Here is the VM config and screenshots of the settings and hardware tabs of the VM with issues

What I tried and didn't fixed it:
  • Multiple Linux distros from Ubuntu Server to normal Ubuntu, Linux Mint, Ubuntu Mate, Debian without DE, Debian with Cinnamon, Debian with LXDE. I'm currently running Ubuntu Mate.
  • Setting tdp_mmu as per Proxmox documentation
  • Updating the kernel in VM and in Proxmox to multiple versions from 5.4 to 5.18
  • Increasing swap size
  • Disabling ballooning in memory options
  • Switching machine mode from q35 to i440fx
  • Changing processor type from host to kvm64 and qemu64
  • A memtest at host level - all good
I currently have a cronjob in Proxmox to ping the VM each minute and if the ping fails it will reset it.
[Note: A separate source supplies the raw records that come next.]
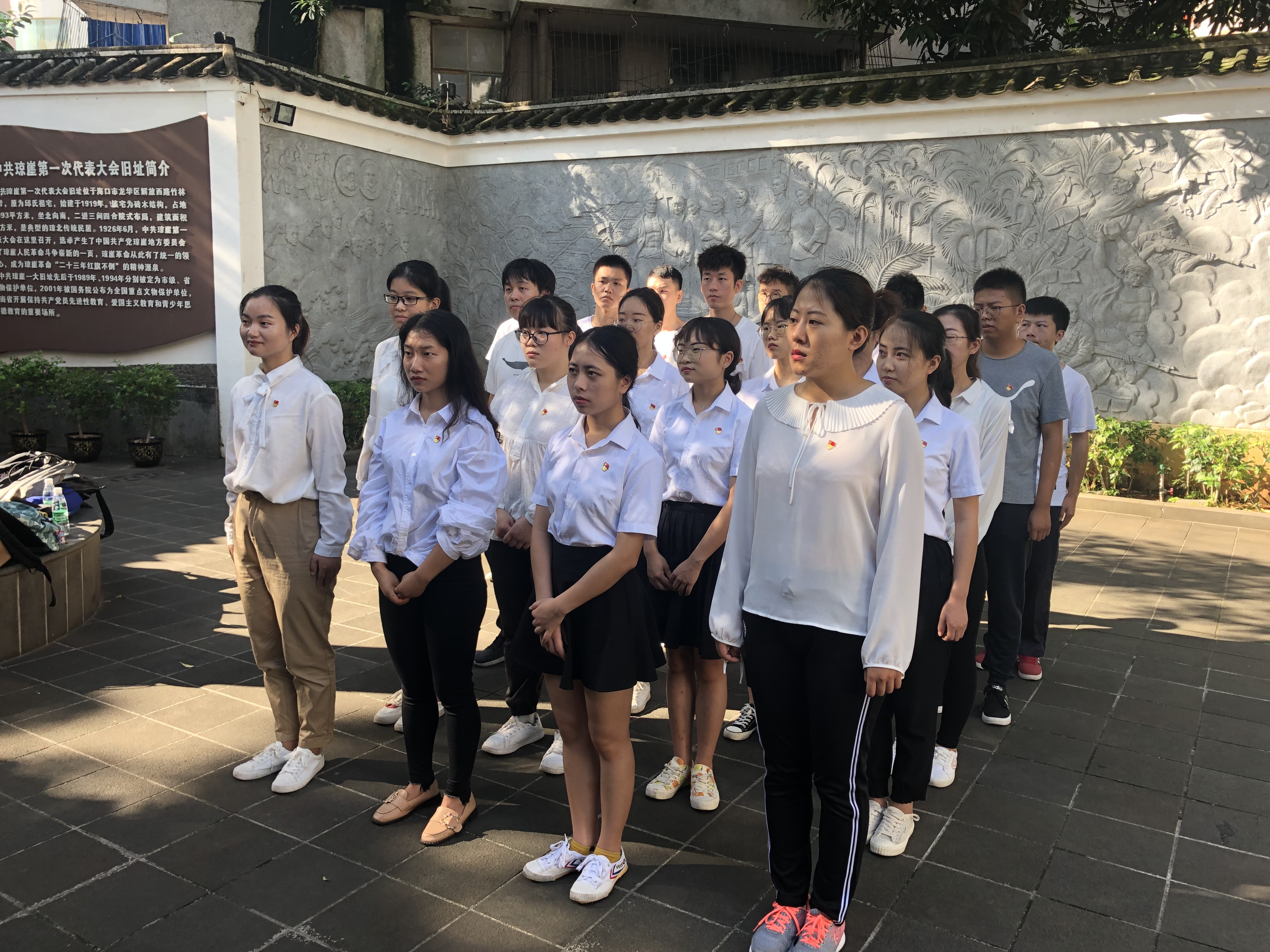 为重温琼崖革命史,感受先烈革命情怀,加强党员们对琼崖人民的革命历程的认识,6月18日上午,公司新发展的预备党员在中共琼崖第一次代表大会旧址开展入党宣誓活动。在分管公司员工工作的副处级辅导员周郭军老师和党务工作负责人王曦老师的带领下,全体成员集体参观了一大会址。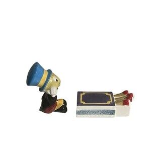 Spice up your kitchen with these rare Walt Disney Pinocchio Jiminy Cricket and MatchBox salt and pepper shakers. These collectibles are perfect for any Disney fan and add a touch of whimsy to your dining table. Made in China and featuring the iconic Jiminy Cricket character, these shakers are a must-have for any Disneyana collector. Whether you're using them for a special occasion or just to add some fun to your everyday meals, these shakers are sure to bring a smile to your face. Measurements photographed. See pictures, please. Ships quickly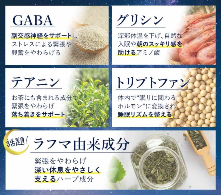 睡眠サプリには、リラックスや入眠、睡眠リズムをサポートするとされる成分がいくつか配合されています。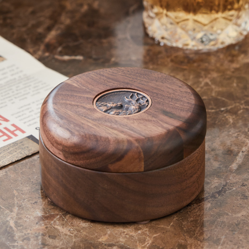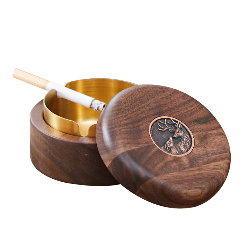 Black walnut solid wood ashtray home living room anti-flying ash ashtray light luxury retro with lid office gift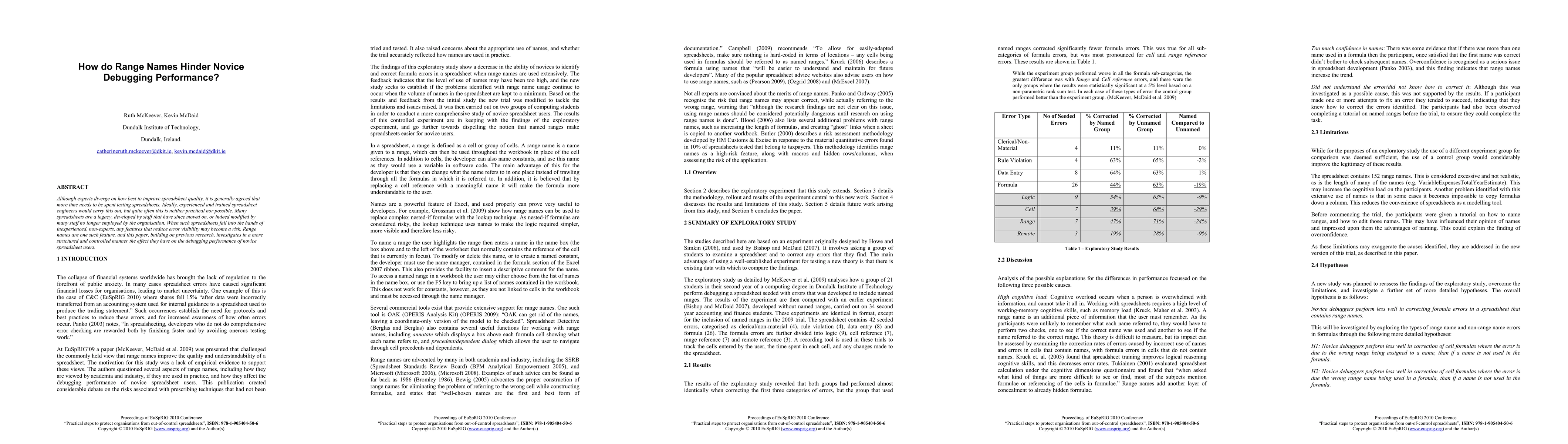 This paper examines how range names in spreadsheets hinder the debugging performance of novice users, finding that these features can obscure error visibility and complicate troubleshooting efforts. The study highlights the risks associated with inexperienced users encountering legacy spreadsheets containing range names.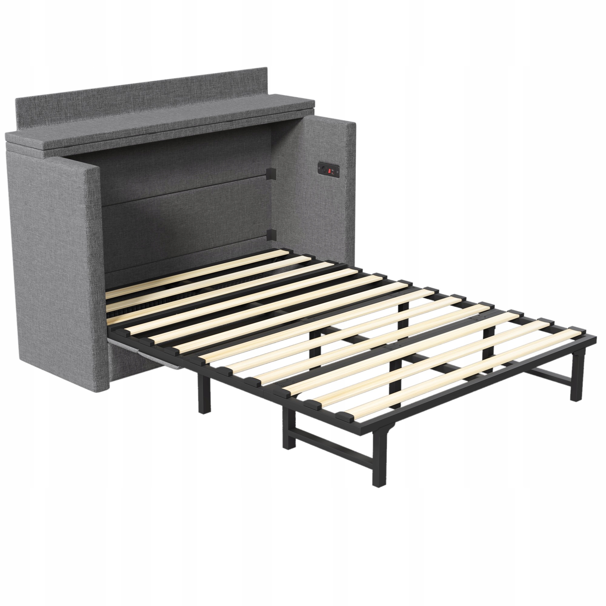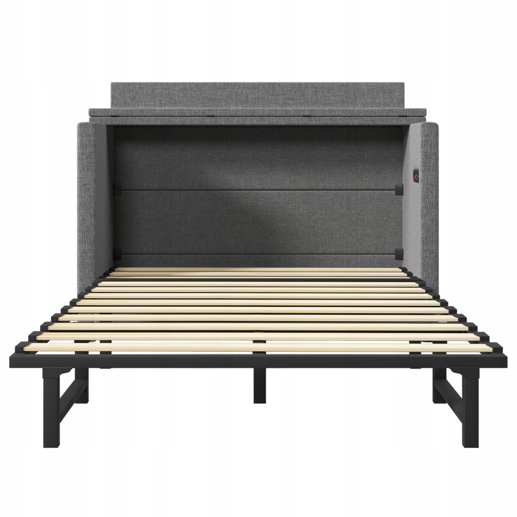 Кровать Мерфи 140 х 200 с одним ящиком, мобильная кровать, спрятанная в стену, с местом для хранения на кровати, с портами USB и Type C, складная кровать-платформа, без матраса, постельное белье серого цвета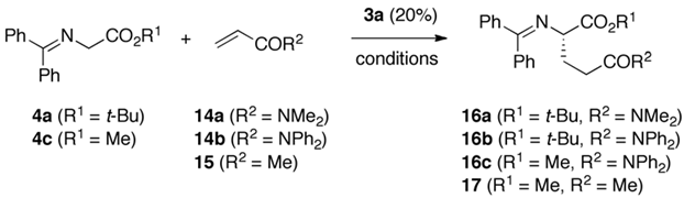 Having optimized the conditions for the asymmetric Michael addition of glycine Schiff bases 4 to acrylic acid esters 12 we then screened the use of other Michael acceptors like acrylamides 14 and methyl vinyl ketone (MVK, 15) (Table 2 gives a comprehensive overview about the results obtained with catalyst 3a). Use of acrylamides as acceptors in PT-catalysed Michael reactions has only sparingly been reported in the past [40,55] and, interestingly enough, these seemingly subtle changes in the Michael acceptor resulted in a totally different behaviour in our test reaction with glycine Schiff bases 4. Using the conditions that have been optimized for the addition to acrylates 12 first, we found that only small amounts of racemic product 16a could be obtained when reacting Schiff base 4a with the acrylamide 14a (entries 1 and 2). Also the use of other weaker solid bases did not give any product (entries 3 and 4 give just two examples of the tested ones) whereas the use of solid KOH (entry 5) gave a significant conversion, but almost no enantioselectivity (the same was observed using other solid hydroxide bases). Interestingly, when we used aqueous KOH, the product was obtained in reasonable yield and with a low enantiomeric ratio of 65:35 (entry 6). Similar results were obtained using other aqueous alkali hydroxide bases (entries 7 and 8) with RbOH being the best-suited one (e.r. 69:31 at 0 °C). Noteworthy, the observed tendency that aqueous hydroxide bases perform better than solid bases is in sharp contrast to our observations with the Michael additions to acrylates (Table 1) where aqueous bases clearly failed whereas solid ones performed superior. Further testing of different solvents and different conditions showed that for this reaction toluene is the superior solvent. Finally running the reaction for 2 days the product 16a was obtained in reasonable 65% yield and with a modest enantiomeric ratio of 75:25 (no further improvement was possible also due to the low reaction rate of this reaction at reduced temperature). Unfortunately, using the N,N-diphenyl acrylamide 14b as an acceptor the enantioselectivity dropped significantly again (entries 11 and 12) and testing secondary amides (not in the table) no product was formed, thus illustrating that Michael addition to acrylamides under asymmetric phase-transfer conditions is a rather challenging transformation. Using MVK as the acceptor both liquid/liquid and liquid/solid conditions gave the product, but the milder liquid/liquid conditions were found to be slightly better suited to give the Michael product 17 with a modest enantiomeric ratio of 77:23 (entry 14).

However this breaks any SMB file transfer currently in progress and other things like my HomeAssistant automations, different scripts or ongoing torrent downloads.

EDIT: All the things running in the "crashing VM" were running for 1 year+ on a Raspberry Pi 4 without any issues. Same configs, containers and paths. I manually migrated them one by one.
EDIT 2: Here is a list of all the running docker containers
EDIT 3: Here is the `/var/log` directory of the VM

Any help or ideas?

Thanks!
 
Last edited:
I can't think of anything specific right now, but I would stop the containers and unplug the passthroughs, and see if the issue persists. If not, progressively enable them to find the culprit.
 
  • Like
Reactions: rursache
I can't think of anything specific right now, but I would stop the containers and unplug the passthroughs, and see if the issue persists. If not, progressively enable them to find the culprit.
Thanks for your answer.

I 100% relay on those passthroughs, if those are the culprits I might just as well go bare-metal.

I'll try stopping the docker containers and see what's up.
 
i think it's a problem between the cpu model and the container.

I have the same problem.

before i have Intel Apollo Lake N3450 / with debian Vm with docker for bitwarden.E verything was working as expected


i migrate on n5105 ( the same cpu branch a you ) and the vm crash . So far 2 times in two days, no logs.

i have no other vm with docker ( proxy / mails/ web serveur / mail gateway / pbs ... ) and every is fine for those;

i see in another topic that a new non official kernel can do better with this CPU..
 
  • Like
Reactions: rursache
I've been having the exact same issue, even though this is an old tread I hope someone out there has some ideas.
I have tried everything, but no effect yet.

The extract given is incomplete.